*Problem statement*
Although the data below contains pictures, output only the lines between those holding "1、甲方将其拥有的位于___" and "603 og/nh 38zb, zc", inclusive, exactly and without those pictures.

*Provided entries*
****************************************
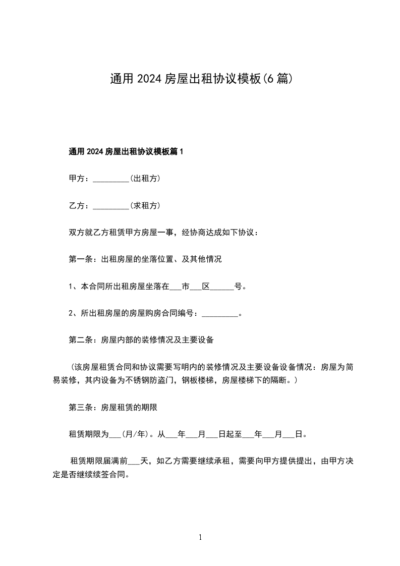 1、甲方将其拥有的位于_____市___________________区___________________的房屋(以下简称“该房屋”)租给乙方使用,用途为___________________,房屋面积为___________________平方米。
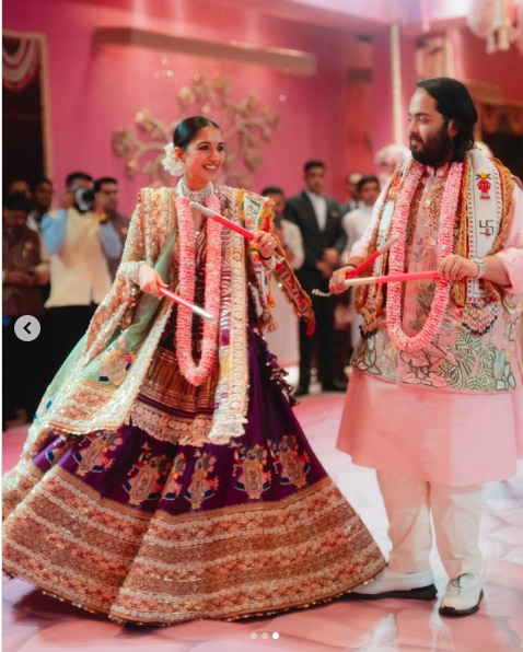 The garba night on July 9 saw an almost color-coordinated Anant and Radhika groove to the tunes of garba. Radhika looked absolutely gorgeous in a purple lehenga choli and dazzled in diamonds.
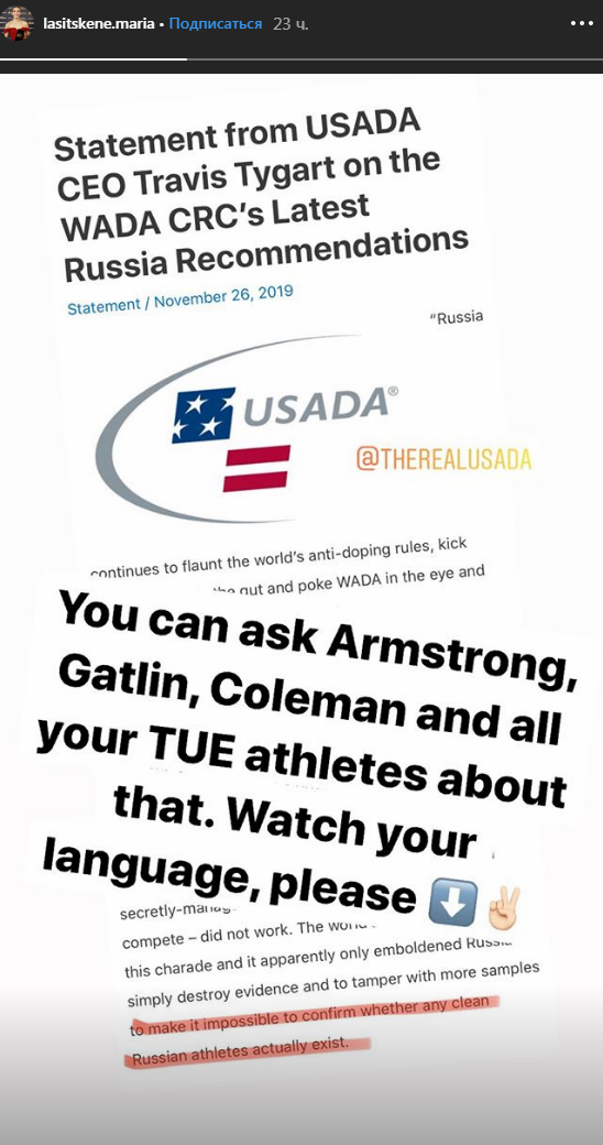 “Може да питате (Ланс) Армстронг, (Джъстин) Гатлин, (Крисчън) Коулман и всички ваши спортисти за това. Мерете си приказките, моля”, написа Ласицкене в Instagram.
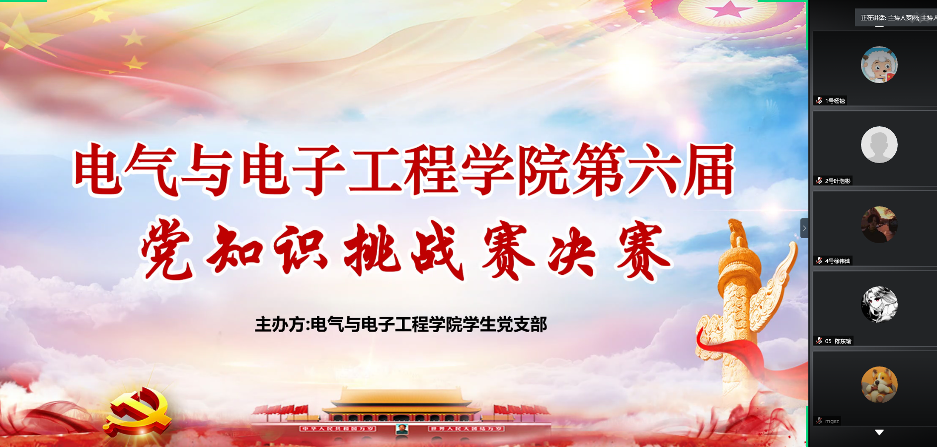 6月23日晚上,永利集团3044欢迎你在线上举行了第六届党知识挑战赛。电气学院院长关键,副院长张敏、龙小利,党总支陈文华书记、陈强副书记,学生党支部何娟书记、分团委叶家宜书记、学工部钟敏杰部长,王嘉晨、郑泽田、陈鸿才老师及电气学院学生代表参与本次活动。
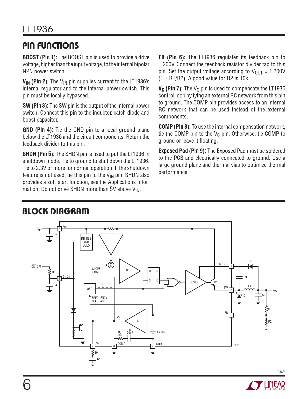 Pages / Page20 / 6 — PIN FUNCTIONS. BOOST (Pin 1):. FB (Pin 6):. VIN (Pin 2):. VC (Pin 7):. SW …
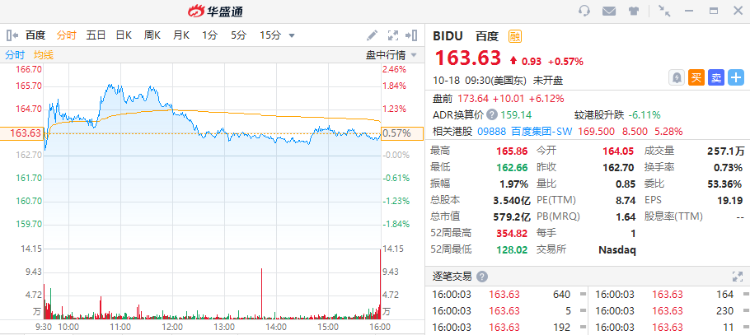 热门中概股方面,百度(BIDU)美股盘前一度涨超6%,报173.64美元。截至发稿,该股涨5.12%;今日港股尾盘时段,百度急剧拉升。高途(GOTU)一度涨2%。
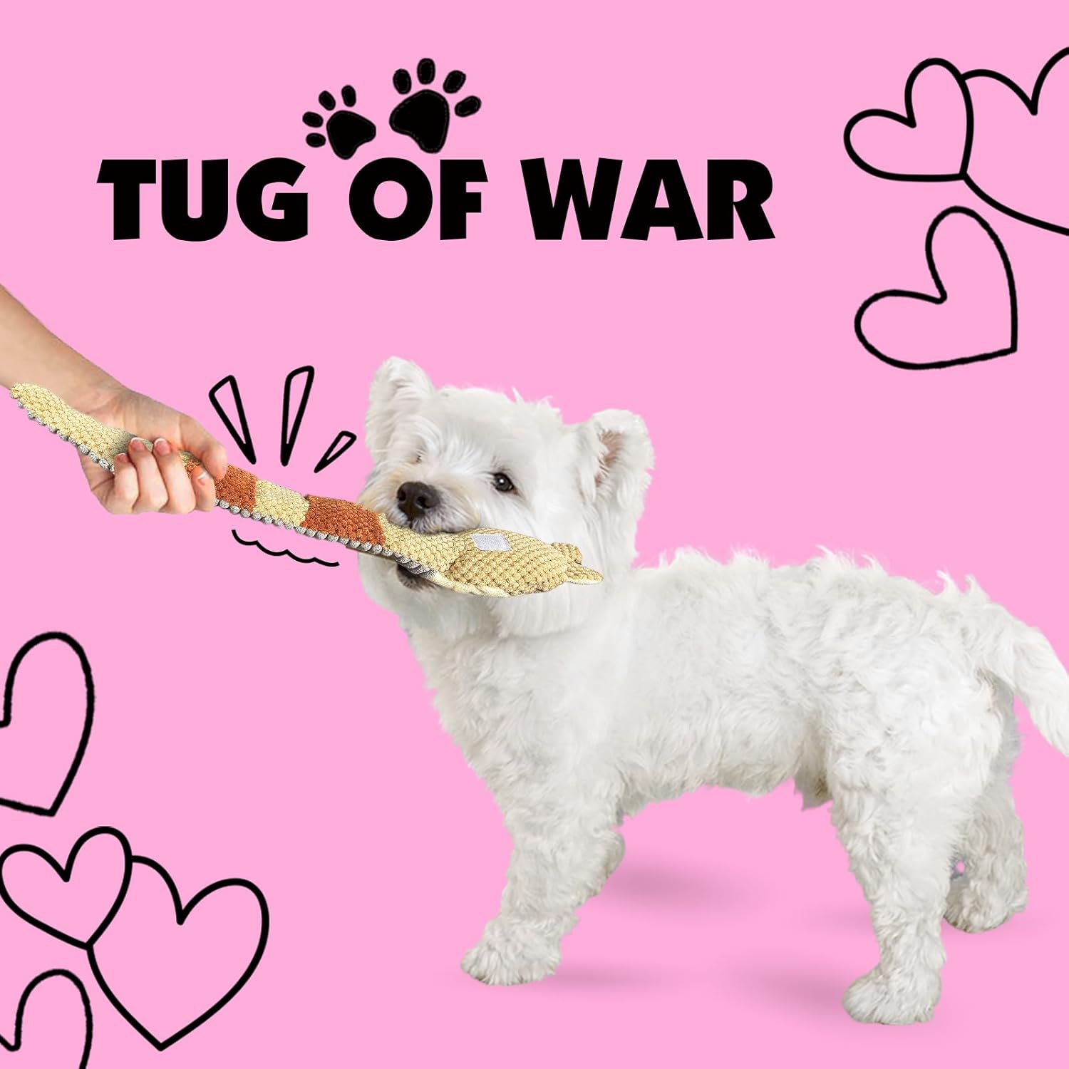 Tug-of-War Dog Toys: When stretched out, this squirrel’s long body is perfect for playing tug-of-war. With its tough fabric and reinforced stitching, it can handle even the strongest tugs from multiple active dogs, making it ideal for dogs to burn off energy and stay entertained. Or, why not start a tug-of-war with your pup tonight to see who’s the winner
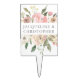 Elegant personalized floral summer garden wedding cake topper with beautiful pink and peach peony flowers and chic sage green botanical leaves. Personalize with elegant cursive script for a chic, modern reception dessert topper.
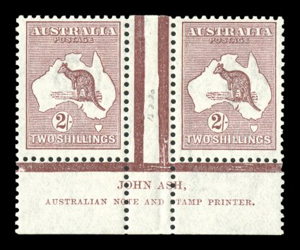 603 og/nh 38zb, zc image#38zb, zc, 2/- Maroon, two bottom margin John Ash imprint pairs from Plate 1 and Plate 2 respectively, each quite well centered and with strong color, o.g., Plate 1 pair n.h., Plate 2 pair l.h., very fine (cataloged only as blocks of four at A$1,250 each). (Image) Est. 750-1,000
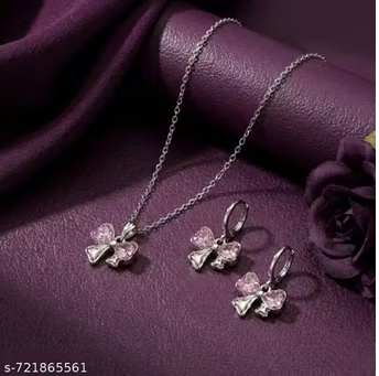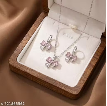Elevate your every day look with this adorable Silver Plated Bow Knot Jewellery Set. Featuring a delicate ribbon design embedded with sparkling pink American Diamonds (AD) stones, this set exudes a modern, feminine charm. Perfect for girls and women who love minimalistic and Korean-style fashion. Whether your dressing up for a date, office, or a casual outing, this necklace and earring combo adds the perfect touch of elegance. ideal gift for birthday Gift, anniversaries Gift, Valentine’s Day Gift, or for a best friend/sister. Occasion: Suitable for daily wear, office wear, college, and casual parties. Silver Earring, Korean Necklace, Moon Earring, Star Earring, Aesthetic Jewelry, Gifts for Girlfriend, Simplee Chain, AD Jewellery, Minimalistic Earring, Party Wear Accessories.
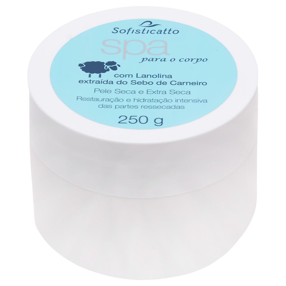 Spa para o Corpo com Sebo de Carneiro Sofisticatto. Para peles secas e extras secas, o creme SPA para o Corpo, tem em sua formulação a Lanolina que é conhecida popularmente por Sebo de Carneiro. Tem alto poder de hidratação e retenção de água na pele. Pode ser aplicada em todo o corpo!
****************************************
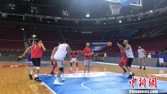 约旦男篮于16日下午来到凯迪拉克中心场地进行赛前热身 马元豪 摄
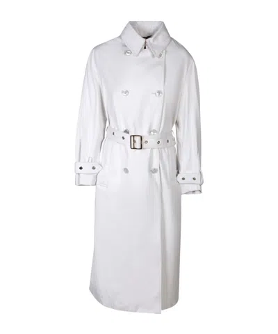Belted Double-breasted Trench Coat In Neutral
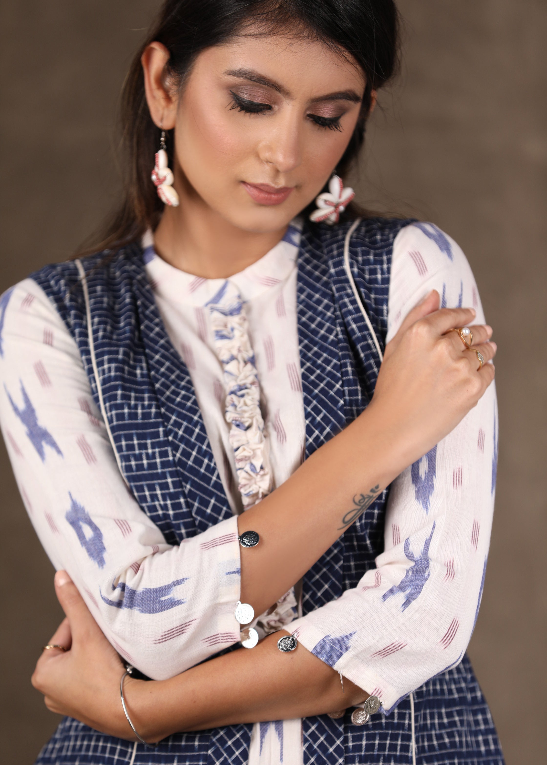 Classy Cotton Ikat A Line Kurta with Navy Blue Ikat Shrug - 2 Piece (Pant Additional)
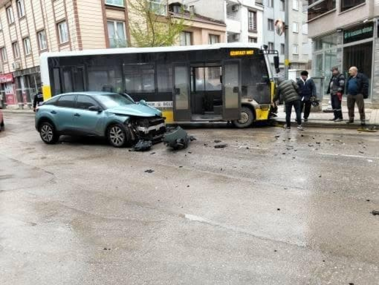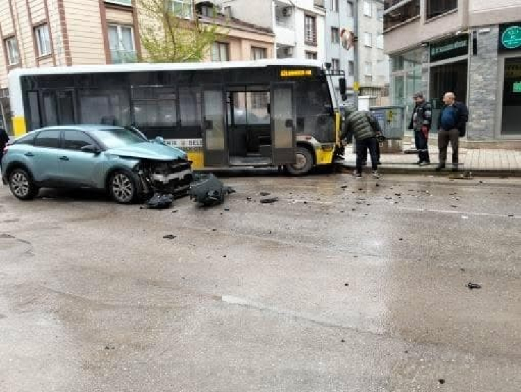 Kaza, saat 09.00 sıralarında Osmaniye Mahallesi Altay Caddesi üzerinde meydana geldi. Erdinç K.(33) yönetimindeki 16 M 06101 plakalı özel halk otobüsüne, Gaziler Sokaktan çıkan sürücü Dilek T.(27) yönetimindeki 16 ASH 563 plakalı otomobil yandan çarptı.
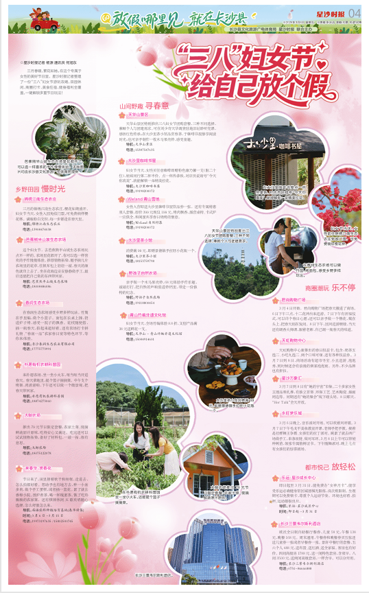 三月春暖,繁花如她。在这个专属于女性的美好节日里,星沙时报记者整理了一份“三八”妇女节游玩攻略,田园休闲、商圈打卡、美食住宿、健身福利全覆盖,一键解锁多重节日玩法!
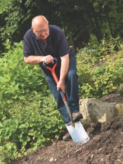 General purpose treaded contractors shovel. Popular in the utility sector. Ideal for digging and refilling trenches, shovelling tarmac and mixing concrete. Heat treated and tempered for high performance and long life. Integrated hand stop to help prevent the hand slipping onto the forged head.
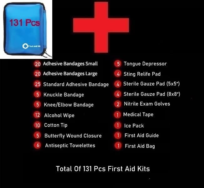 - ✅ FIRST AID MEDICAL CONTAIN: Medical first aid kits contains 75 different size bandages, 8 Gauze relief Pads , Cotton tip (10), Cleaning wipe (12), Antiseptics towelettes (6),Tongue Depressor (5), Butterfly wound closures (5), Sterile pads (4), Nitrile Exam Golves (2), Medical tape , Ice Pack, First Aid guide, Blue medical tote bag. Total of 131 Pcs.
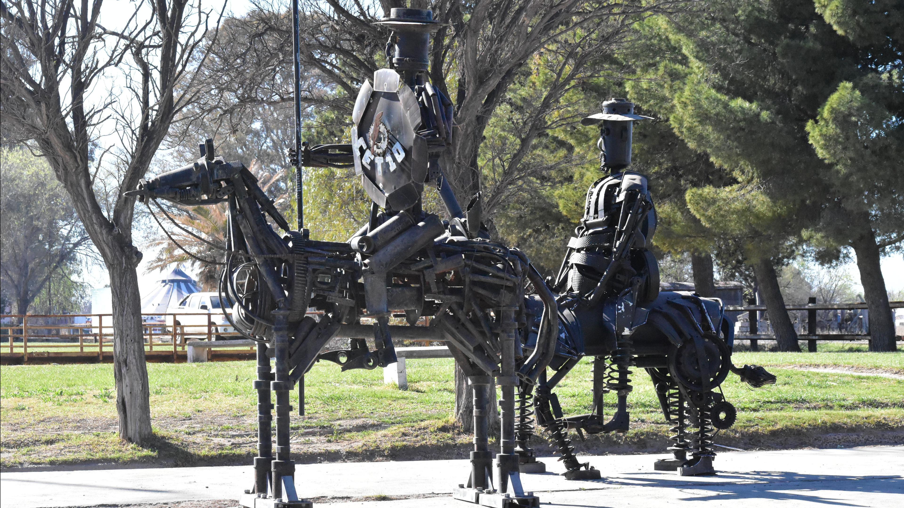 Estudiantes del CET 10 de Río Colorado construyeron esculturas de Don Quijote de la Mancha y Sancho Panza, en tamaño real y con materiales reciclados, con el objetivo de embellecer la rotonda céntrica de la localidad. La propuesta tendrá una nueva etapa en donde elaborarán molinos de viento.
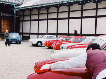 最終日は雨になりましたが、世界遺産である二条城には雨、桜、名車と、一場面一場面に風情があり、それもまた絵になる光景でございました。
****************************************
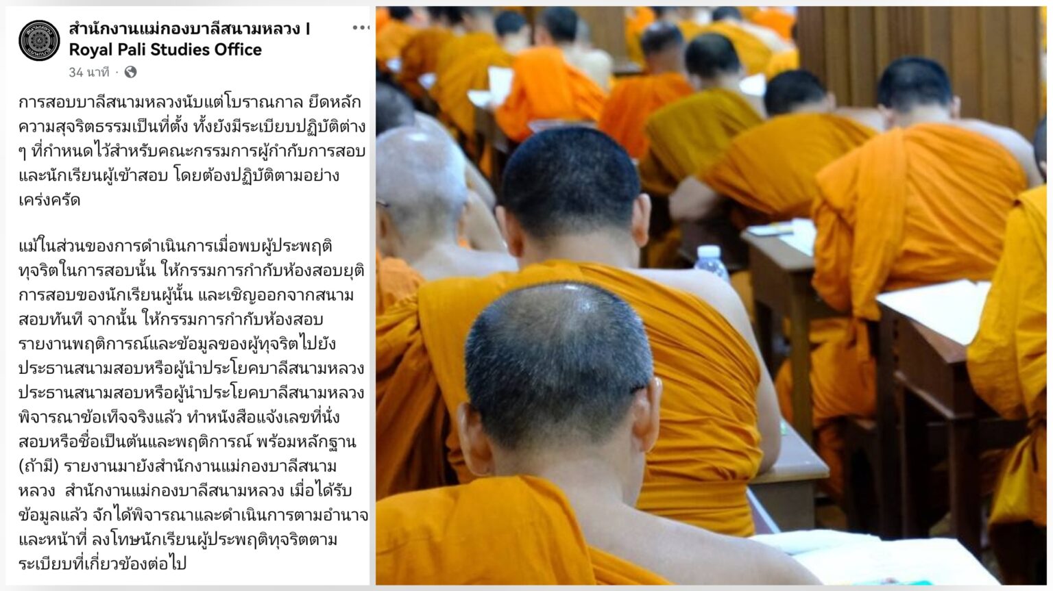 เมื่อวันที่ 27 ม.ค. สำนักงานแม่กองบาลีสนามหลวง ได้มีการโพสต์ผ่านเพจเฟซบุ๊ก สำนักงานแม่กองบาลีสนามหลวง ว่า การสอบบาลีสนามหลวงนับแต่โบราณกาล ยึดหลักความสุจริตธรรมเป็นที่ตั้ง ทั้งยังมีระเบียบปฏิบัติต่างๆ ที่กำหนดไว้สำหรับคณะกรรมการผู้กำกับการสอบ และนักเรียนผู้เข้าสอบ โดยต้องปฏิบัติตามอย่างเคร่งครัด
****************************************
*Exercise solution*
 1、甲方将其拥有的位于_____市___________________区___________________的房屋(以下简称“该房屋”)租给乙方使用,用途为___________________,房屋面积为___________________平方米。
 The garba night on July 9 saw an almost color-coordinated Anant and Radhika groove to the tunes of garba. Radhika looked absolutely gorgeous in a purple lehenga choli and dazzled in diamonds.
 “Може да питате (Ланс) Армстронг, (Джъстин) Гатлин, (Крисчън) Коулман и всички ваши спортисти за това. Мерете си приказките, моля”, написа Ласицкене в Instagram.
 6月23日晚上,永利集团3044欢迎你在线上举行了第六届党知识挑战赛。电气学院院长关键,副院长张敏、龙小利,党总支陈文华书记、陈强副书记,学生党支部何娟书记、分团委叶家宜书记、学工部钟敏杰部长,王嘉晨、郑泽田、陈鸿才老师及电气学院学生代表参与本次活动。
 Pages / Page20 / 6 — PIN FUNCTIONS. BOOST (Pin 1):. FB (Pin 6):. VIN (Pin 2):. VC (Pin 7):. SW …
 热门中概股方面,百度(BIDU)美股盘前一度涨超6%,报173.64美元。截至发稿,该股涨5.12%;今日港股尾盘时段,百度急剧拉升。高途(GOTU)一度涨2%。
 Tug-of-War Dog Toys: When stretched out, this squirrel’s long body is perfect for playing tug-of-war. With its tough fabric and reinforced stitching, it can handle even the strongest tugs from multiple active dogs, making it ideal for dogs to burn off energy and stay entertained. Or, why not start a tug-of-war with your pup tonight to see who’s the winner
 Elegant personalized floral summer garden wedding cake topper with beautiful pink and peach peony flowers and chic sage green botanical leaves. Personalize with elegant cursive script for a chic, modern reception dessert topper.
 603 og/nh 38zb, zc image#38zb, zc, 2/- Maroon, two bottom margin John Ash imprint pairs from Plate 1 and Plate 2 respectively, each quite well centered and with strong color, o.g., Plate 1 pair n.h., Plate 2 pair l.h., very fine (cataloged only as blocks of four at A$1,250 each). (Image) Est. 750-1,000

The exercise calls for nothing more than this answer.